You have two ways to start vLLM on Ascend NPU:
### Offline Batched Inference with vLLM
With vLLM installed, you can start generating texts for list of input prompts (i.e. offline batch inferencing).
```bash
# Use Modelscope mirror to speed up download
pip install modelscope
export VLLM_USE_MODELSCOPE=true
```
Try to run below Python script directly or use `python3` shell to generate texts:
```python
from vllm import LLM, SamplingParams
prompts = [
"Hello, my name is",
"The future of AI is",
]
sampling_params = SamplingParams(temperature=0.8, top_p=0.95)
# The first run will take about 3-5 mins (10 MB/s) to download models
llm = LLM(model="Qwen/Qwen2.5-0.5B-Instruct")
outputs = llm.generate(prompts, sampling_params)
for output in outputs:
prompt = output.prompt
generated_text = output.outputs[0].text
print(f"Prompt: {prompt!r}, Generated text: {generated_text!r}")
```
### OpenAI Completions API with vLLM
vLLM can also be deployed as a server that implements the OpenAI API protocol.
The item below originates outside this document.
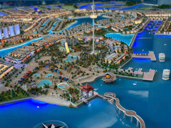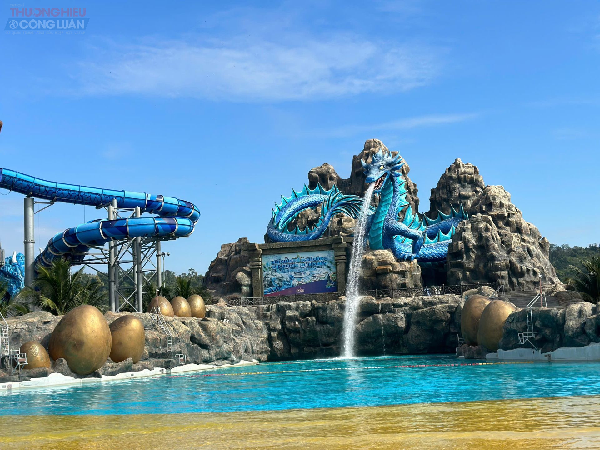 Đặc biệt, toàn bộ cát trắng đều chuyển trực tiếp từ Nha Trang, nước biển được làm sạch với công nghệ trạm lọc Setfil hiện đại (máy chạy liên tục công suất 20.000m3 mỗi đêm) tạo ra màu nước rất trong xanh, không còn rong rêu hay phù sa, đồng thời vẫn giữ trọn vẹn đặc tính của nước biển tự nhiên, khoáng chất an toàn cho sức khoẻ của du khách. Trên bãi biển, những hàng dừa xanh rợp bóng, ghế tắm nắng trải dài thoải mái cho du khách chụp ảnh hoặc thư giãn ngắm khung cảnh thơ mộng.

Run
the following command to start the vLLM server with the
[Qwen/Qwen2.5-0.5B-Instruct](https://huggingface.co/Qwen/Qwen2.5-0.5B-Instruct) model:
```bash
# Use Modelscope mirror to speed up download
pip install modelscope
export VLLM_USE_MODELSCOPE=true
# Deploy vLLM server (The first run will take about 3-5 mins (10 MB/s) to download models)
vllm serve Qwen/Qwen2.5-0.5B-Instruct &
```
If you see log as below:
```
INFO: Started server process [3594]
INFO: Waiting for application startup.
INFO: Application startup complete.
INFO: Uvicorn running on http://0.0.0.0:8000 (Press CTRL+C to quit)
```
Congratulations, you have successfully started the vLLM server!
You can query the list the models:
```bash
curl http://localhost:8000/v1/models | python3 -m json.tool
```
You can also query the model with input prompts:
```bash
curl http://localhost:8000/v1/completions \
-H "Content-Type: application/json" \
-d '{
"model": "Qwen/Qwen2.5-0.5B-Instruct",
"prompt": "Beijing is a",
"max_tokens": 5,
"temperature": 0
}' | python3 -m json.tool
```
vLLM is serving as background process, you can use `kill -2 $VLLM_PID` to stop the background process gracefully,
it's equal to `Ctrl-C` to stop foreground vLLM process:
```bash
ps -ef | grep "/.venv/bin/vllm serve" | grep -v grep
VLLM_PID=`ps -ef | grep "/.venv/bin/vllm serve" | grep -v grep | awk '{print $2}'`
kill -2 $VLLM_PID
```
You will see output as below:
```
INFO 02-12 03:34:10 launcher.py:59] Shutting down FastAPI HTTP server.
INFO: Shutting down
INFO: Waiting for application shutdown.
INFO: Application shutdown complete.
```
Finally, you can exit container by using `ctrl-D`.